The IDEF0 modelling technique is a function modeling method that was developed as part of the ICAM project of the US Air Force in the 1970s, and can model any system in which people, hardware, and software are all connected. This method is used to systematically manage and utilize a target system to be analyzed or designed by defining functions, the information required of the system, and the order between the functions (the National Institute of Standards and Technology, 1993). Particularly, it has a feature of easily modeling a complex system as it supports a hierarchical model structure (Kim, 2005). Study cases that established complex work procedures using equipment on the sea using the IDEF0 function modeling method include the case applied to the safety inspection of an offshore structure (Rocha and De Tomi, 2015), and the case applied to underwater unidentified object identification using a small ROV (Baek et al., 2019).
This section establishes the procedure based on the information obtained from the MBES and scanning sonar test site of Chapter 3 and is modelled by IDEF0. Fig. 10 shows the basic diagram of IDEF0. A function is expressed in a box format, and functions performed by people, machines, or computers are expressed as descriptions about what happens and under what conditions. Each function box is connected by input, control, output mechanism (ICOM), and a lower level can be decomposed into subfunctions in more detail.
Fig. 11 is assigned code A-0 as an activity of the highest level. The function of A-0 defines the provision of a multi-purpose technical scientific service as the function of the OWC, and its input/output, control, and mechanism are illustrated. Multi-purpose technical scientific service is a function for acquiring data required to evaluate the performance and precision of the sensor. Real-time surface environment data of an auto weather system (AWS) and data of the underwater environment (current direction, current velocity, sea level, etc.) installed on the OWC are input values. A final report with output values is generated by control. Control elements are defined as test-bed operation rules and roadmap, test request, weather forecast, pre- and post-diving check list for maritime equipment, and operation rules for equipment and sensors. Mechanism elements for acquiring data include wave power generation test-bed (service provider), customer, existing three-dimensional seabed terrain data, maritime equipment (vehicles and sensors) used in tests, fixed target structure, and processing software package. The next level down consists of five activities. A1 (sensor test plan), A2 (sensor calibration), A3 (sensor data acquisition), A4 (test data analysis and evaluation), and A5 (final report generation), as shown in Fig. 12. The activities are connected to each other by the ICOM flow and are expressed as a procedure.
In this section, an IDEF0 modeling method was selected to establish a standard procedure required to operate a variety of maritime equipment on an offshore wave power generation test-bed, and a draft of the procedure was established. As a result, it was found that data needed to be delivered to a user via a network in real time by installing underwater environment sensors and AWS in wave power plant facilities, and the shape and location information of artificial seabed structures and the topographic map of the seabed of neighboring sea prior to enforcement, need to be provided. It was also found that test-bed operation rules and roadmap were required. This study presents IDEF0 modeling results from the point of view of a person who acquires data. In future, research and development for integrated comprehensive real-sea experiment processes should be carried out from the point of view of a manager of the wave power test-bed.
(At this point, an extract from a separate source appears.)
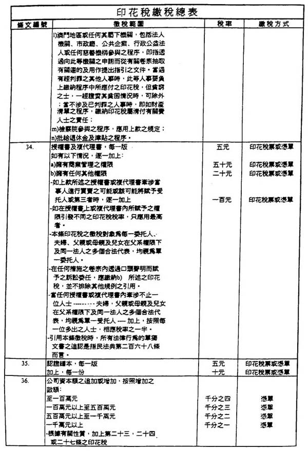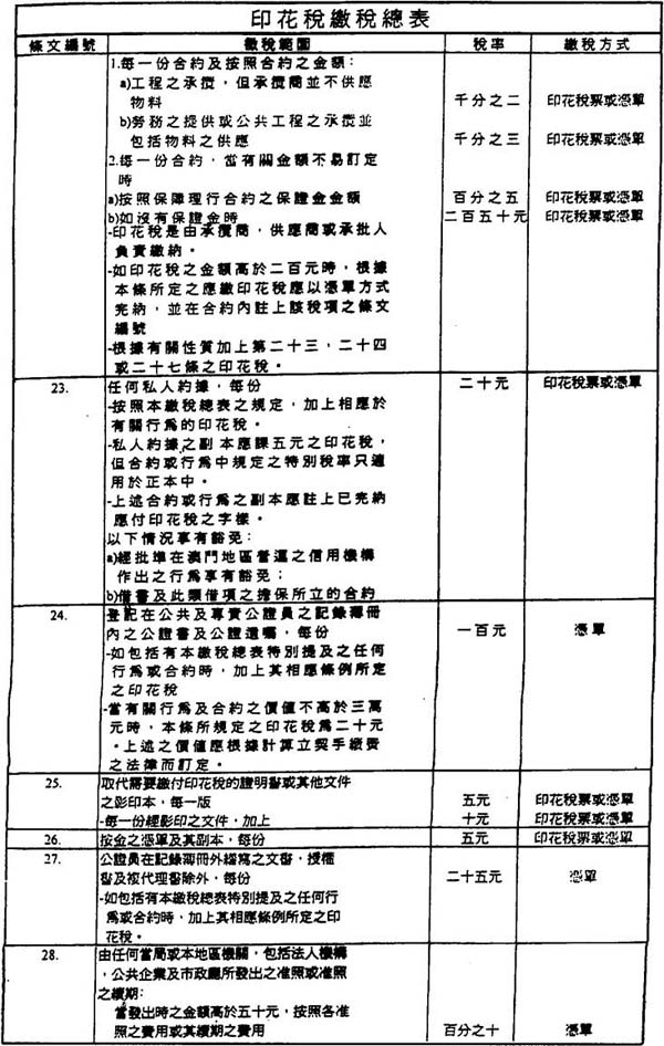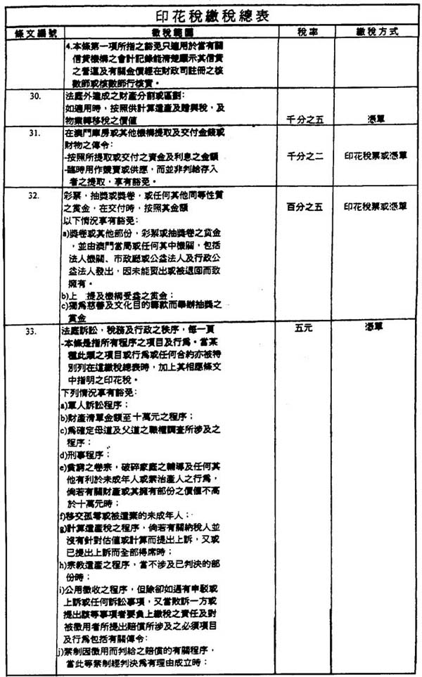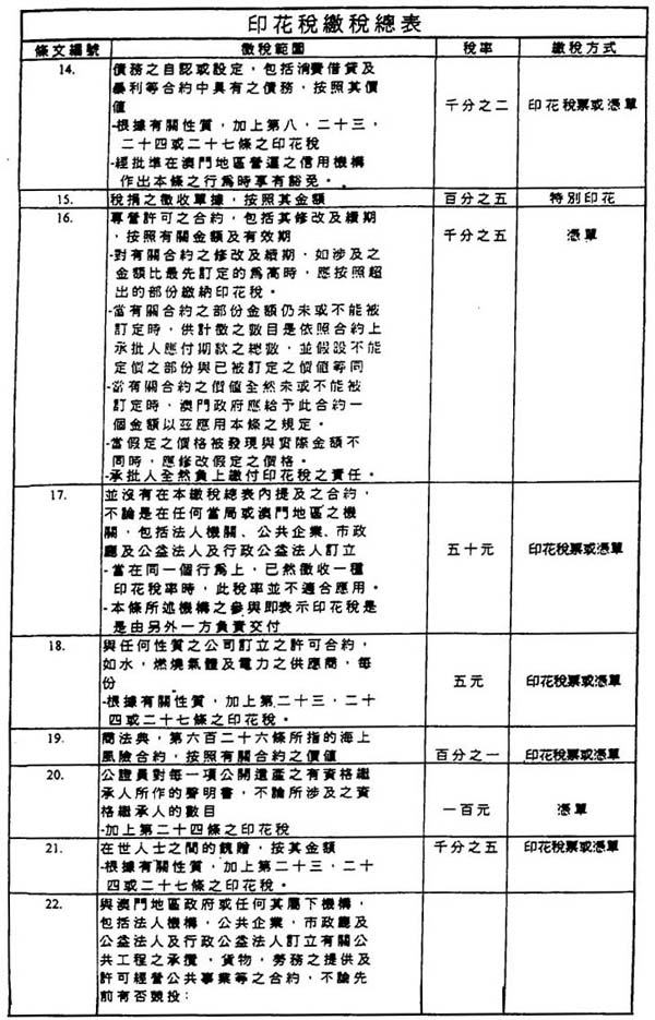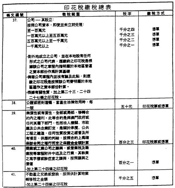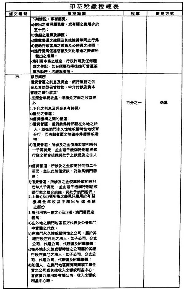 第三十八条 一、印花税“缴税总表”第二十九条之印花税是由信贷机构收取,在进行每一项营运时,从属于征税范围内之收益计算。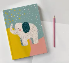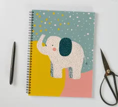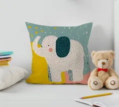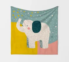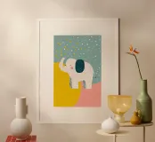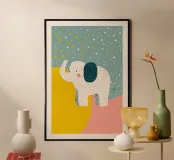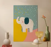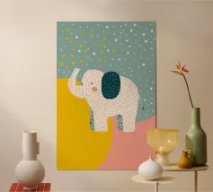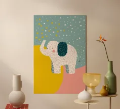 A whimsical and playful illustration of a minimalist elephant brought to life with dotted textures and bold color blocks. This charming composition blends modern flat design with childlike imagination, making it a perfect fit for both nursery decor and stylish, eclectic interiors. Let this joyful little creature bring color and curiosity to your wall.

4. Suitability Analysis of Test Environment of Maritime Equipment

Performance tests required for the development of autonomous underwater vehicles or remotely operated vehicles are often carried out in a large water basins, lakes, or gulfs. When a deep-sea environment is required, a research vessel (R/V) such as Onnuri (KIOST, 2019b) or Isabu (KIOST, 2019c) are used to perform tests on far seas such as the East Sea and the Pacific Ocean. This section analyzes the characteristics of the wave power test-bed and existing cases and identify fields in which OWC facilities are expected to be used.
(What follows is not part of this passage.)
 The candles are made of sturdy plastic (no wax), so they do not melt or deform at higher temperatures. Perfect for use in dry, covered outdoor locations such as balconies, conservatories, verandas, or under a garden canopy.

4.1 Differences from Existing Domestic Cases

A variety of maritime equipment and robots are being developed in South Korea. ASVs, AUVs, and ROVs are being developed, and related application technologies are being actively studied. Tests for performance verification in the development process of such platforms and technologies are necessary, and support vessels or facilities of various types are also required.
The KRISO has carried out performance tests on ISiMI 100 (AUV) (Jun et al., 2009), ISiMI 6000 (Lee et al., 2012), Hemire (ROV), and Crabster (ROV) at the SSRI in the aid of various research vessels. Up to two individuals worked to test the relatively small ISiMI 100 weighing approximately 20 kg in the air by using a small fishing boat (Fig. 13). The ISiMI 6000 (AUV) weighing 750 kg in the air and the Hemire (ROV) weighing 4 t were launched and recovered by using a crane installed at the wharf (Fig. 14). In such cases, the launch/recovery space is limited to the operating radius of the crane. In addition, an office space was constructed using a container for the research activities of test participants, and was used to analyze the data of the vehicles or change and modify the platform.
When tests on far seas such as the East Sea and the Pacific Ocean were required, research vessels such as Onnuri were used (Lee et al., 2016) (Fig. 15). When testing Crabster (walking ROV), a barge was used (Jun et al., 2017) (Fig. 16). The wave power test-bed is bound to be different from such research vessels and wharf environments.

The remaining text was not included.